* [Work task]:
Pull out of the data below the stretch of lines bounded by the one containing "absorber nut. |" and the one containing "No. 1 conçu", both bounds included, unchanged.

* [Data for review]:
Start of Block
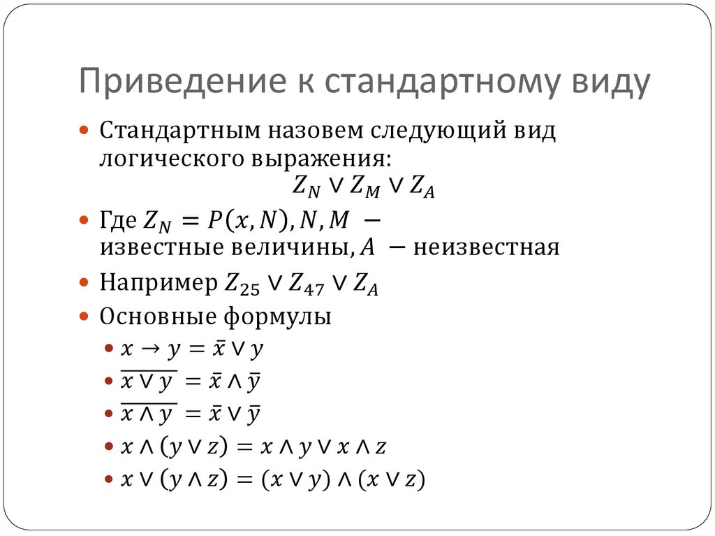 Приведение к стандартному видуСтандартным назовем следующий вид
End of Block
Start of Block
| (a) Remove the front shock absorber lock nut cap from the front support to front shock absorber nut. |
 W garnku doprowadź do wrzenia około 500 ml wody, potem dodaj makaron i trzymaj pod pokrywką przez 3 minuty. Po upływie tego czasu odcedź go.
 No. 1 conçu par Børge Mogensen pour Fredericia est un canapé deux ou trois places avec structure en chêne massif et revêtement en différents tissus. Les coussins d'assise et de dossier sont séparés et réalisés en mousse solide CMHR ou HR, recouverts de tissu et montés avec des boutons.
End of Block
* [Answer space]:
| (a) Remove the front shock absorber lock nut cap from the front support to front shock absorber nut. |
 W garnku doprowadź do wrzenia około 500 ml wody, potem dodaj makaron i trzymaj pod pokrywką przez 3 minuty. Po upływie tego czasu odcedź go.
 No. 1 conçu par Børge Mogensen pour Fredericia est un canapé deux ou trois places avec structure en chêne massif et revêtement en différents tissus. Les coussins d'assise et de dossier sont séparés et réalisés en mousse solide CMHR ou HR, recouverts de tissu et montés avec des boutons.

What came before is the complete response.